Let’s illustrate with an example. You work for a travel agency whose CEO would like a system that predicts the survival probability of its customers, should their cruise ship hit an iceberg. You are told that we have extensive data on shipwreck survivors since 1912, when the Titanic sank. You are told that your application should apply machine learning on a dataset that has the same structure as the famous Titanic survivor data set, but you cannot access the entire set directly.

You are relatively free to choose the output format of your application, because it will be picked up downstream by other teams. You decide to start with a CSV file for now.

Well, where to begin? From an earlier analysis (ideally documented in a vignette, a notebook, or another report) you know that a random forest is the best model for this problem. So it would make sense to verify whether indeed your application trains a random forest from the training data. How would we know that? The simplest way to save the trained model along with the other output, and check that it is indeed a random forest, trained with the right number of training samples. And this is definitely something which we know how to test.

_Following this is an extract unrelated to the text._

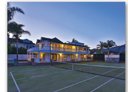
MALIBU COLONY BEACH Quintessential furnished beach house. Tennis court, pool, spa, studio guest house. On a double lot. $32,500/mth | 4B4.5B | Malibu Eytan Levin

I’m going to assume you have the basic structure of an R package in place, such as the one created by default by RStudio when you start a new project. We’ll call it app:

app
├── DESCRIPTION
├── NAMESPACE
├── R
│   └── hello.R
├── app.Rproj
└── man
    └── hello.Rd

Besides the testthat package, which has become the standard library for writing unit tests in R, I recommend using testhis, which facilitates creating and running integration tests:

usethis::use_testthat()
testthis::use_integration_tests()

This sets up the basic structure for running unit tests and other integration tests:

app
├── DESCRIPTION
├── NAMESPACE
├── R
│   └── hello.R
├── app.Rproj
├── man
│   └── hello.Rd
└── tests
    ├── testthat
    │   └── integration_tests
    └── testthat.R

Any test you create under tests/testhat/integration_tests will be run when you call testthis::test_integration(), but not when running your regular unit tests.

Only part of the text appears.